━━━ INPUT DATA ━━━

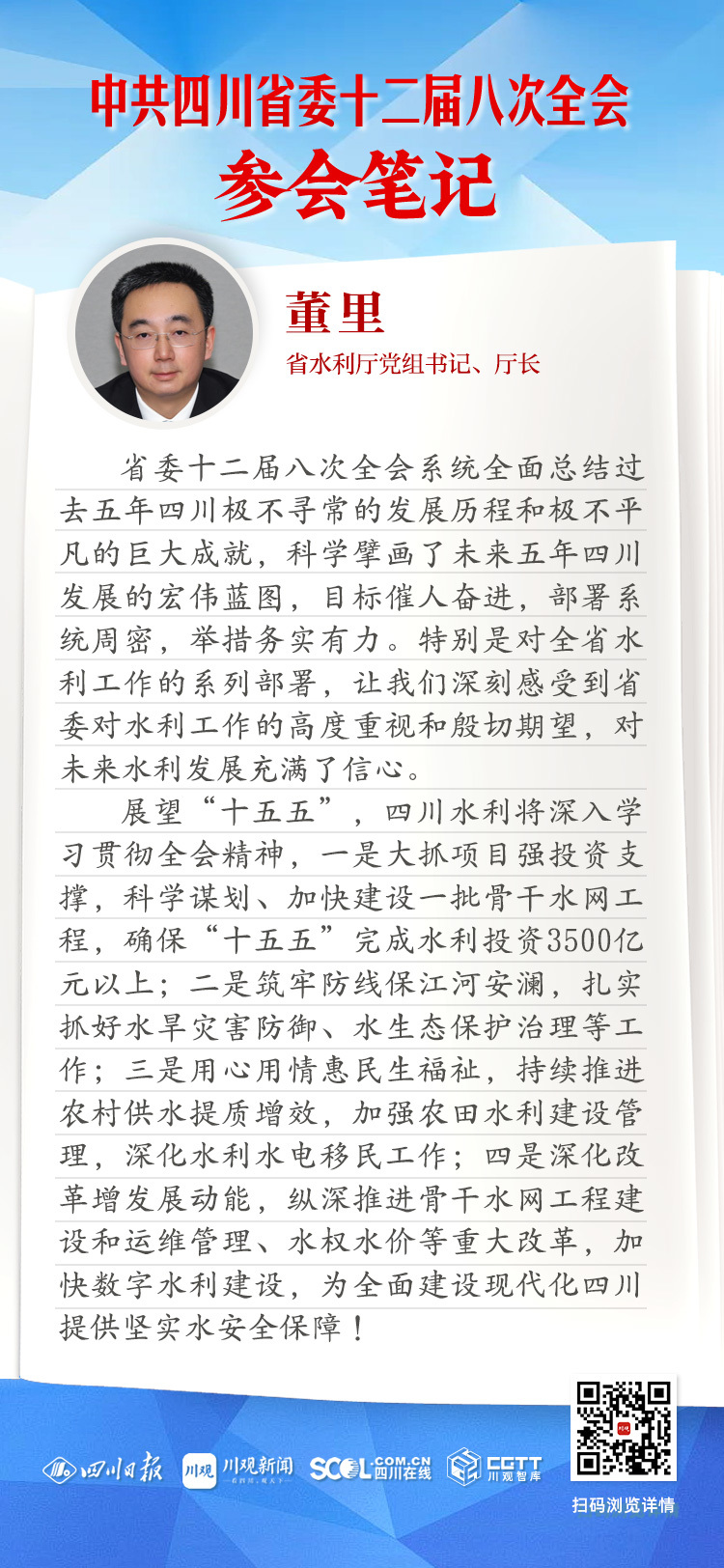 省委十二届八次全会系统全面总结过去五年四川极不寻常的发展历程和极不平凡的巨大成就,科学擘画了未来五年四川发展的宏伟蓝图,目标催人奋进,部署系统周密,举措务实有力。特别是对全省水利工作的系列部署,让我们深刻感受到省委对水利工作的高度重视和殷切期望,对未来水利发展充满了信心。
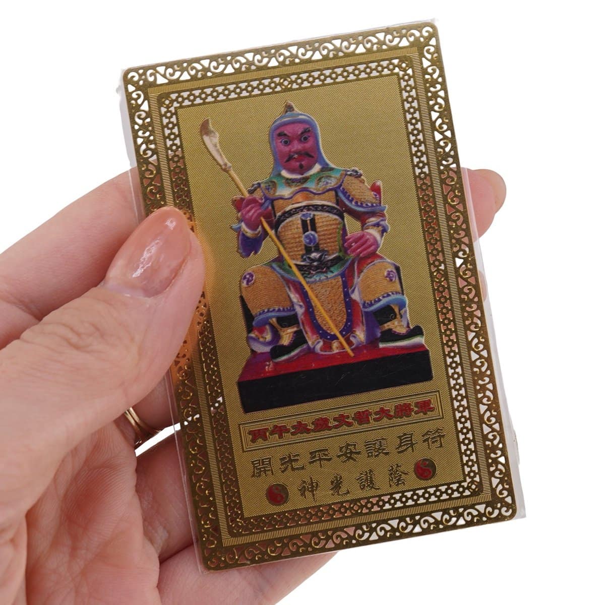 Deși poartă o estetică metalică, cardul este realizat din plastic rezistent, gândit să facă față uzurii zilnice. Culorile auriu și roșu se potrivesc bine cu un decor cald sau cu spațiile de lucru, iar finisajul atent pune în valoare simbolistica Tai Sui. Forma simetrică, ușor de recunoscut, te invită să-l integrezi firesc în rutina ta.
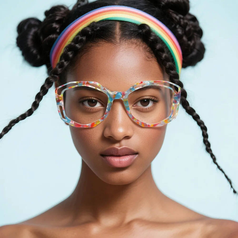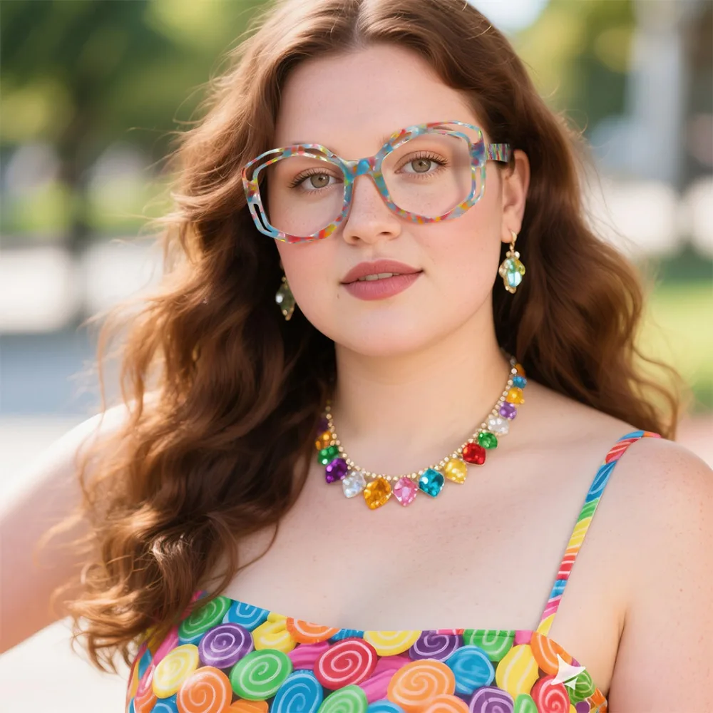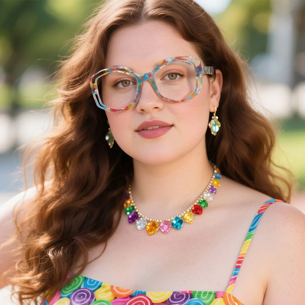 Make a bold statement with these eye-catching glasses! Featuring a vibrant multicolor geometric design, these irregular-shaped frames are anything but ordinary. The gorgeous acetate construction offers both style and durability, while the spring hinges ensure a comfortable, customized fit. Perfect for fashion-forward individuals who love to stand out, these glasses add a playful yet sophisticated touch to any outfit. Whether you're heading to a creative workspace, a weekend brunch, or a night out, these unique frames will turn heads. The balance of bold colors and geometric flair makes them a must-have accessory for those who dare to be different!

━━━

▶ **EXERCISE DESCRIPTION**
What is needed is an exact copy of the lines from the line with "Deși poartă o" to the end of the data above, both included, without any pictures.

▶ **RESPONSE**
 Deși poartă o estetică metalică, cardul este realizat din plastic rezistent, gândit să facă față uzurii zilnice. Culorile auriu și roșu se potrivesc bine cu un decor cald sau cu spațiile de lucru, iar finisajul atent pune în valoare simbolistica Tai Sui. Forma simetrică, ușor de recunoscut, te invită să-l integrezi firesc în rutina ta.
 Make a bold statement with these eye-catching glasses! Featuring a vibrant multicolor geometric design, these irregular-shaped frames are anything but ordinary. The gorgeous acetate construction offers both style and durability, while the spring hinges ensure a comfortable, customized fit. Perfect for fashion-forward individuals who love to stand out, these glasses add a playful yet sophisticated touch to any outfit. Whether you're heading to a creative workspace, a weekend brunch, or a night out, these unique frames will turn heads. The balance of bold colors and geometric flair makes them a must-have accessory for those who dare to be different!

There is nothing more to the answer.